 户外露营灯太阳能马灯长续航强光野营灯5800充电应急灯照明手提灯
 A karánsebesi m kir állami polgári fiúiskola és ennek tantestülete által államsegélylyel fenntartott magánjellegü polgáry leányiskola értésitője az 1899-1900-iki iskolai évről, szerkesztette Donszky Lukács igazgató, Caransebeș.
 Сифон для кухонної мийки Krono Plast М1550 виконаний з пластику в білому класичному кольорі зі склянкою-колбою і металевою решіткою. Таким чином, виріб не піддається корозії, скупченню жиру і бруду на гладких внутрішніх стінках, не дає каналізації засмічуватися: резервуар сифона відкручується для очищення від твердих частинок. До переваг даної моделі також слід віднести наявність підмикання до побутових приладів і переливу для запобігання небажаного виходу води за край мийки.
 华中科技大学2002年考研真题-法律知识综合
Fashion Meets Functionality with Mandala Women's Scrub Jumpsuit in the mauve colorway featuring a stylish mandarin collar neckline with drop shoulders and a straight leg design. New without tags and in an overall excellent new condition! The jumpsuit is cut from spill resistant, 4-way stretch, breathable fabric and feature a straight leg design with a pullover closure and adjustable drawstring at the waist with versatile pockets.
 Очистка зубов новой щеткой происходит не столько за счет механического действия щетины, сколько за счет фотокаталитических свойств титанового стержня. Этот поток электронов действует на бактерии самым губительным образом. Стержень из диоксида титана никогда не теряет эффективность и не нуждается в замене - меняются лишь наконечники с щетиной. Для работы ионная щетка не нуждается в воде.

──────────

_BRIEF_: From the first line above through the line that contains "A karánsebesi m", quote each line exactly. Output nothing more.

_SOLUTION BELOW_:
 户外露营灯太阳能马灯长续航强光野营灯5800充电应急灯照明手提灯
 A karánsebesi m kir állami polgári fiúiskola és ennek tantestülete által államsegélylyel fenntartott magánjellegü polgáry leányiskola értésitője az 1899-1900-iki iskolai évről, szerkesztette Donszky Lukács igazgató, Caransebeș.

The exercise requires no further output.